Nicorandil should not be prescribed unless first-line angina treatments, such as beta-blockers and calcium-channel blockers, are inadequate, contraindicated or not tolerated.
The restriction on use has been introduced following reports of serious skin, mucosal and eye ulceration in patients treated with the anti-anginal. Nicorandil-induced ulcers do not respond to conventional treatment and persist until the drug is withdrawn.

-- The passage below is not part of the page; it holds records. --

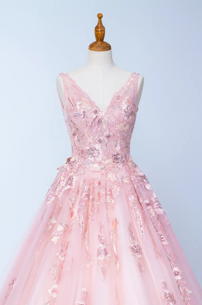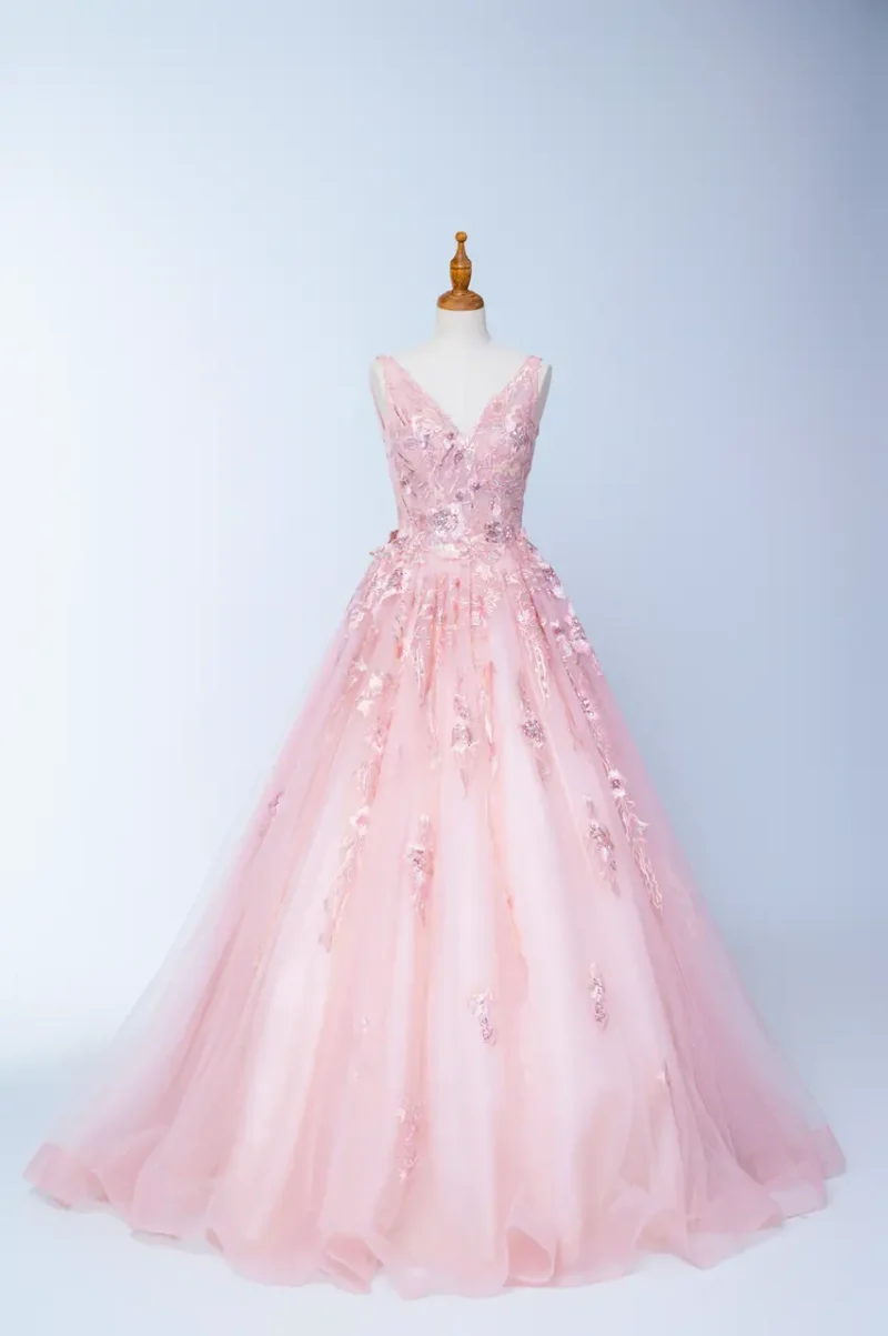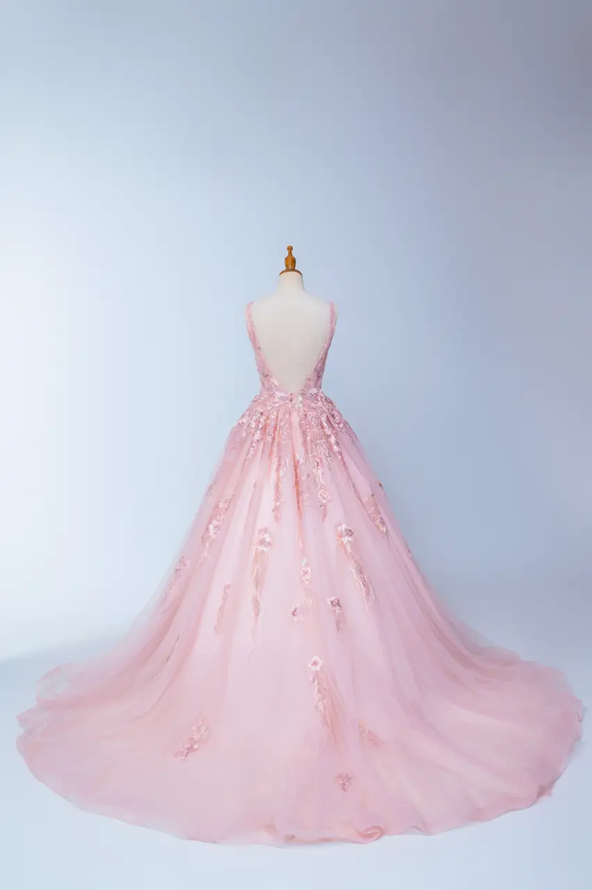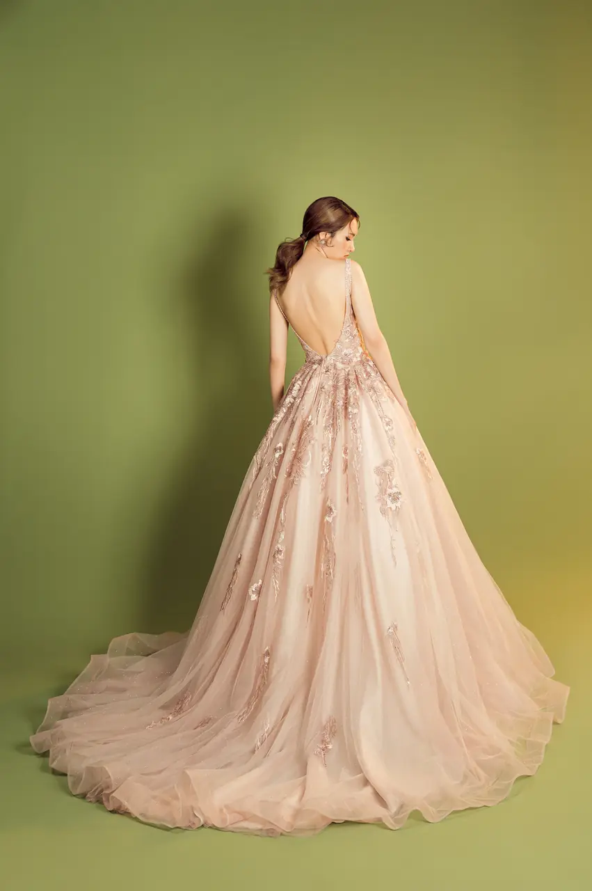 《玫瑰遺書晚宴禮服》紀錄了一封未寄出的情書——以粉色為載體,訴說溫柔與遺憾交織的情感篇章。層層蕾絲與澎裙如庭院花墻緩緩綻放,縫綴的立體刺繡,是記憶深處無聲流動的詩行。深V領的設計如同一個沉靜而堅定的決意,勾勒出情緒的波紋。它不只是一件晚宴禮服,更像是一場關於自白與釋懷的夜間演出,只為那一刻的凝視,靜靜綻放。
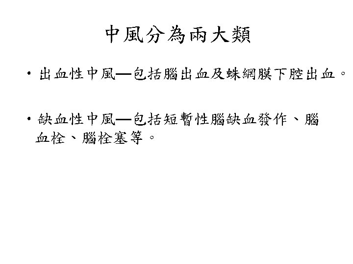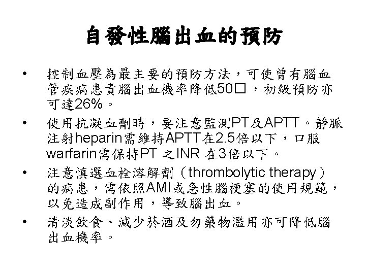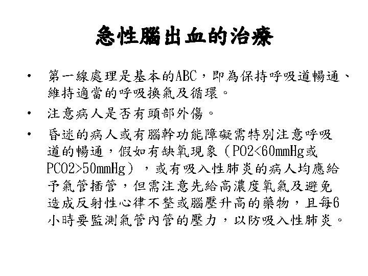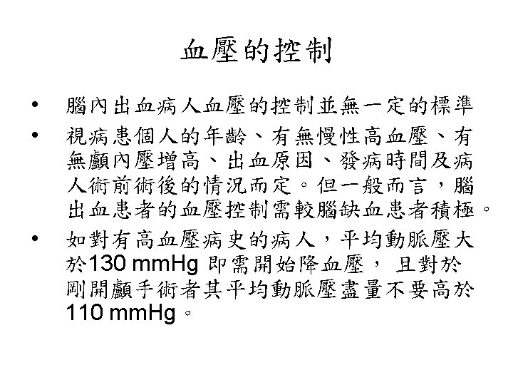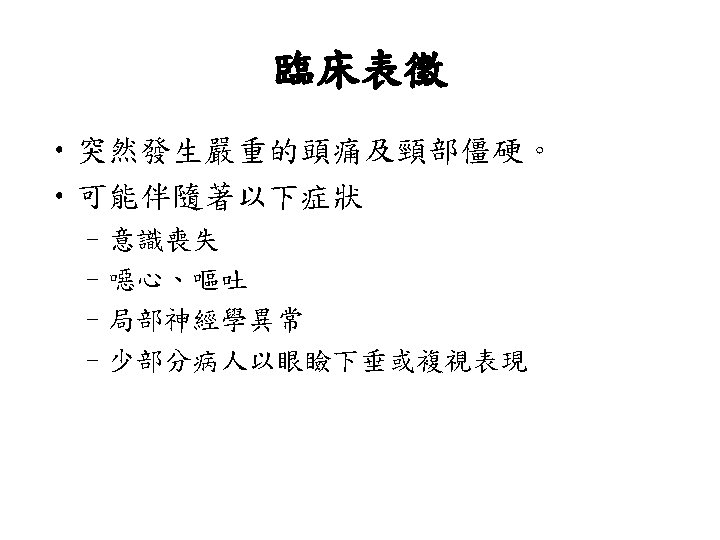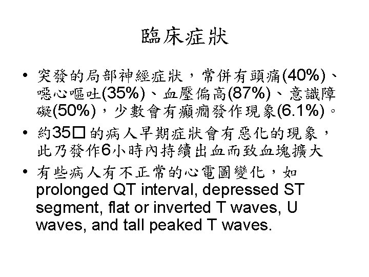 Lobar Hemorrhage • 神經學表現依血塊大小及出血位置不同而 有所不同 • Contralateral hemiparesis or sensory loss, aphasia, neglect, or confusion • Headache is common, disturbance of consciousness is milder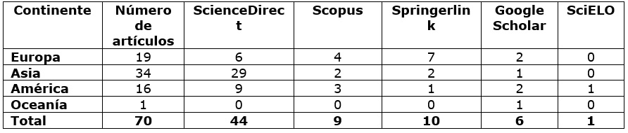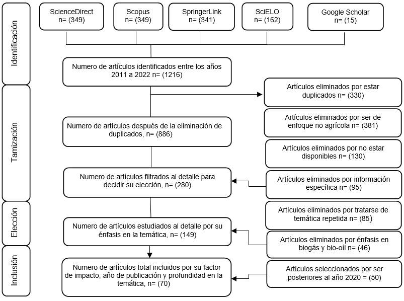 Se utilizaron cinco bases de datos y se realizó la búsqueda de artículos científicos publicados bajo las palabras clave, biochar, microorganismos del suelo, enzimas, rizobacterias, micorrizas, comunidad bacteriana, encontrando más de mil documentos y seleccionando los más importantes, fundamentándose en el factor de impacto, fecha de publicación más reciente, autores más citados, chequeando otras revisiones y metaanálisis sobre el tema, para luego de una búsqueda selectiva, analizar los artículos seleccionados y analizar las conclusiones, comparando entre ellos factores en común y diferencias. Se seleccionaron 149 y se analizaron a fondo 70 artículos relacionados con los mecanismos de interacción entre el BC y la promoción de los microorganismos del suelo, de los cuales se detallan la procedencia geográfica y la base de datos donde fueron hallados, la distribución porcentual de los artículos por año de publicación es 30, 24,3, 18,6 y 27,1 % correspondientes a los años 2022, 2021, 2020 y 2019 al 2011, respectivamente. El 48,6 % de los artículos evaluados pertenecen a la región asiática, destacándose por su amplia producción científica en este tema (cuadro 1).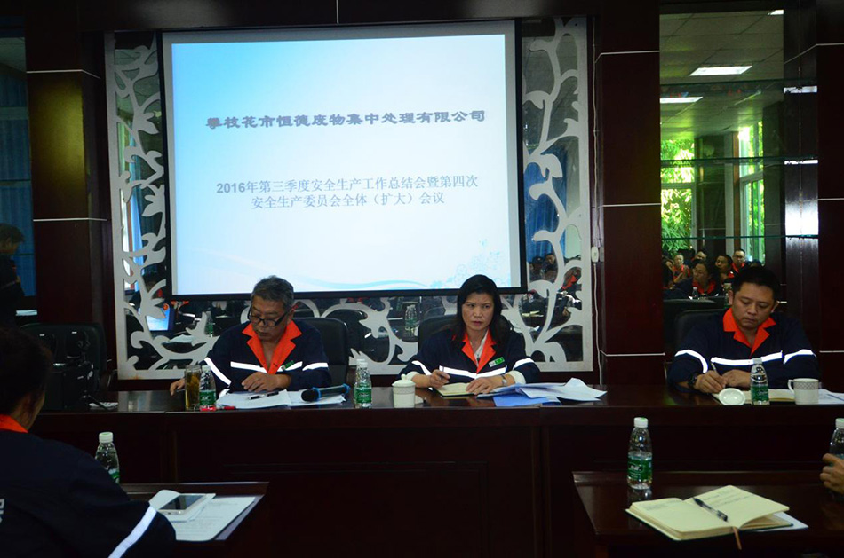 2016年11月10日下午,攀枝花市恒德廢物集中處理有限公司召開了第三季度安全生產工作總結會暨第四次安委會(擴大)會議,公司安委會成員和全體員工參加會議。 會議學習了中環集團公司鄭朝輝董事長關于“中國環保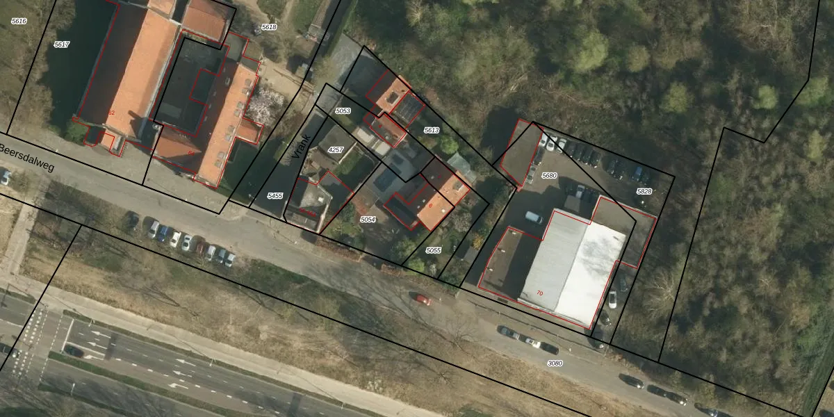 Het perceel waarop Vrank 6 staat heeft een oppervlakte van 422 m². Dit is een groot perceel. De perceeloppervlakte wordt geregistreerd door het Kadaster. Gedetailleerde informatie over de maten van dit perceel kunt u vinden in het rapport Kadastrale kaart met maatvoering van Vrank 6.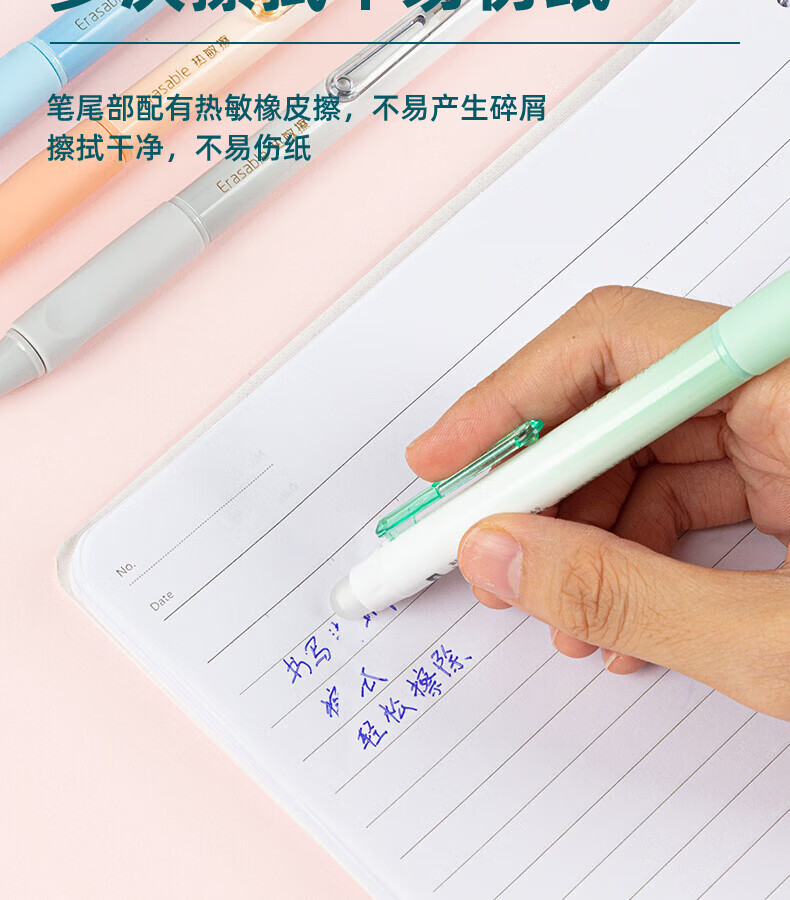 得力(deli)按动式可擦笔中性笔圆珠水笔三年级上册小学生专用热易热敏魔力晶蓝笔芯黑色摩檫头高颜值开学 按动款【可擦黑色】4支

Risk factors for ulceration
Patients taking NSAIDs or corticosteroids are at increased risk of gastrointestinal ulceration and those with diverticular disease may be at increased risk of fistula formation or bowel perforation. Caution is advised when prescribing nicorandil in such individuals.
Nicorandil must be withdrawn promptly if ulceration develops and the advice of a cardiologist sought if angina symptoms worsen.
The time to onset of ulceration ranges from shortly after initiating nicorandil treatment to several years after starting nicorandil. It is not known how nicorandil causes ulceration.
Hypotension and hyperkalaemia
Nicorandil can cause hypotension and is now contraindicated in hypovolaemia, acute pulmonary oedema and in combination with guanylate cyclase stimulators such as riociguat.
Rare cases of severe hyperkalaemia have been reported in nicorandil-treated patients and the drug should be used cautiously in combination with medicines that increase potassium levels, especially in patients with moderate to severe renal impairment.
Nicorandil should also be used with caution in patients with heart failure (NYHA class III or IV), glucose 6 phosphate dehydrogenase deficiency, or taking the premature ejaculation treatment dapoxetine.
Nicorandil, which is available as Ikorel and as generic tablets, is a vasodilator with a dual mechanism of action. It activates potassium channels and increases intracellular cGMP levels to cause relaxation of both venous and arterial smooth muscle.
Updated 25 January 2016
MHRA confirms nicorandil now second-line treatment for angina
On 21 January 2016, the Medicines and Healthcare products Regulatory Agency confirmed the restrictions to the licensed indication of nicorandil.